経験的にも悪態をついたあとの人々は原因から「全力で逃げる」よりもむしろ「立ち向かう」という行動のほうをよくとるはずです。
こうした「悪態をつくと力が出る」という現象は、昔から多くの人がなんとなく感じていて、科学者たちも「これは本当なのか?」「なぜそんなことが起こるのか?」と興味を持ち、研究を続けてきました。
これまでの研究では、悪態を口にすると実際に力が入りやすくなるという結果が報告されています。
例えば握力のテストでは、汚い言葉を口にした直後に握力が平均で約1.4kg高くなるというデータが示されています。
他にも、「悪態を口にした人は、氷水の中に手を入れているときの痛みをより長く我慢できる」という結果も報告されています。
これらの効果は心理的なものだけではなく、実際に体の生理的な反応、つまり体の内部で起こる自動的な活動とも関連すると考えられています。
悪態をついたときに私たちの体は強い感情を抱きやすくなり、その感情の影響で体の内部の活動(自律神経の反応)が活発になるとされているのです。

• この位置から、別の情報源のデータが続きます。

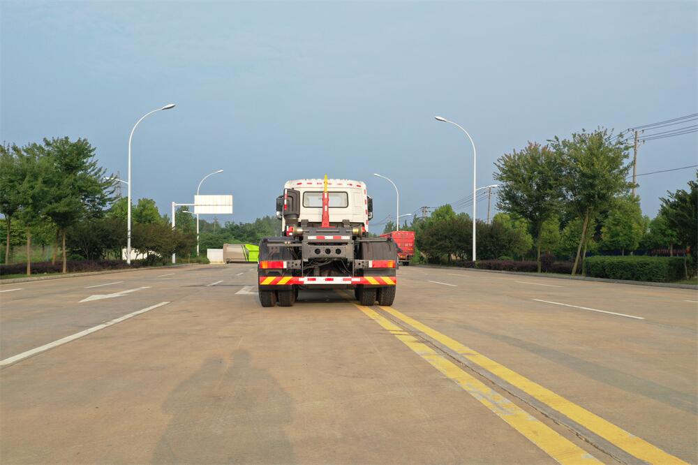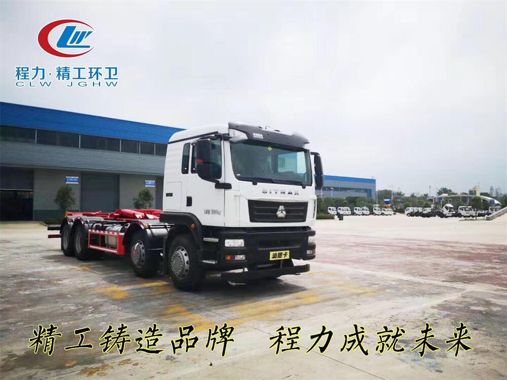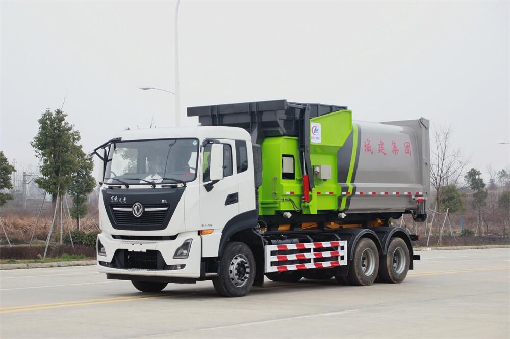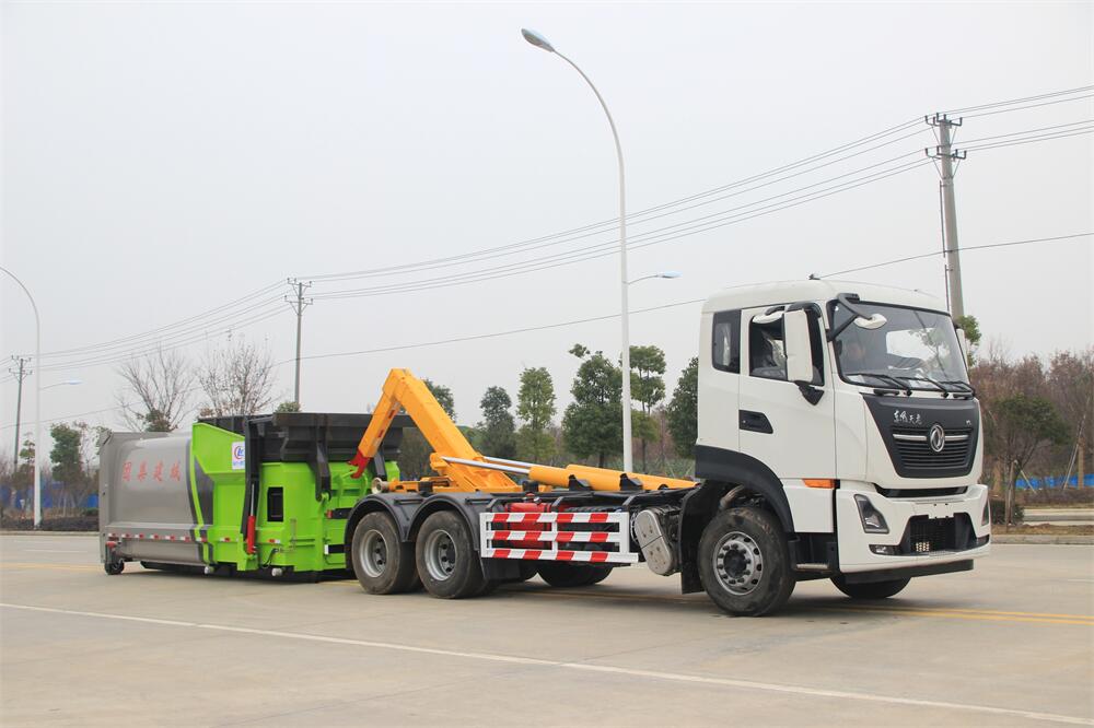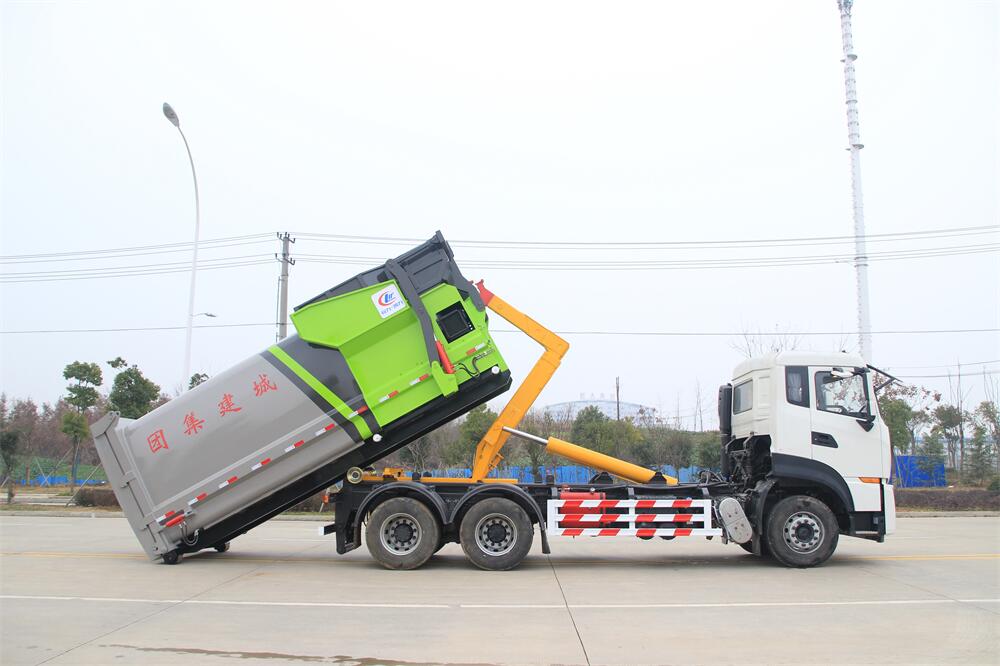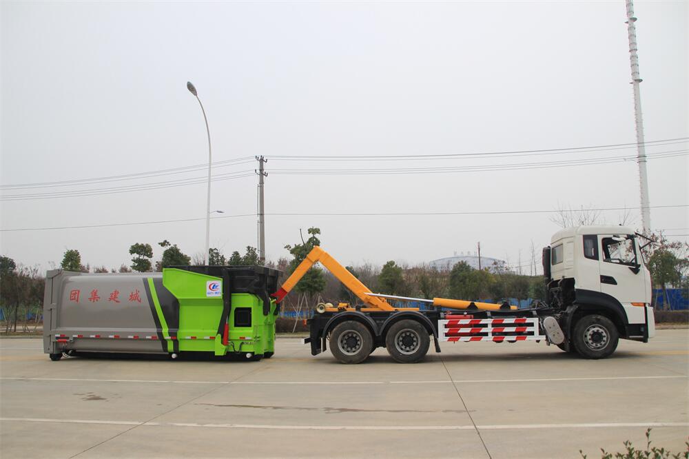 勾臂式垃圾車(車廂可卸式垃圾車)介紹: 車廂可卸式垃圾車又叫拉臂式垃圾車,是一種采用高新設(shè)計(jì)可伸縮的鉤臂,實(shí)現(xiàn)垃圾廂的二次吊裝,自吊上放下,可自行傾倒垃圾的環(huán)衛(wèi)設(shè)備。 拉臂式垃圾車結(jié)構(gòu)簡單,操作穩(wěn)定方便,裝卸效率高,機(jī)械化程度高,節(jié)省人力。鉤臂垃圾車一車可帶多個(gè)垃圾廂,在裝卸的運(yùn)輸過程中可有效地避免二次污染。 拉臂垃圾車采用高新設(shè)計(jì)可擺動的鉤臂,垃圾箱由框架、開啟油缸、滑輪、后門和若干加強(qiáng)框架與鋼板焊接而成。調(diào)換貨廂快捷方便,貨廂上帶蓋(倒垃圾時(shí)可翻開),鉤臂垃圾車?yán)鴰w可選用碳鋼、不銹鋼材質(zhì)、內(nèi)部采取環(huán)氧樹脂防腐處理,改裝部分與原車底盤為可分離式,維修方便且保持了原車的機(jī)動性及行駛性能。

自律神経とは、私たちが意識しなくても勝手に体の機能を調整してくれる神経のことで、例えば緊張すると心拍が速くなったり、汗をかいたりするのはこの自律神経の働きです。
悪態をつくことが、この自律神経を刺激し、体が一時的に「本気モード」に入るような状態になるのではないかと考えられています。
しかし、実際にはまだよく分かっていないこともありました。
特に、「なぜ悪態をつくことで一時的に力が出るのか」という詳しい仕組みは、長い間はっきりと説明されていなかったのです。
かつての研究者たちは、「悪態をつくとアドレナリン(興奮したときに出るホルモン)が増えて力が出るのではないか?」と予想し、その証拠をつかもうとしていました。
しかし、この予想はなかなかはっきりとは実証できませんでした。
そこで最近になって注目されているのが、「状態脱抑制(じょうたいだつよくせい)」という考え方です。
これは難しい言葉ですが、簡単に言えば「普段は心にかかっているブレーキが一時的に外れて、行動を起こすアクセルが強く踏まれるような状態」のことを意味します。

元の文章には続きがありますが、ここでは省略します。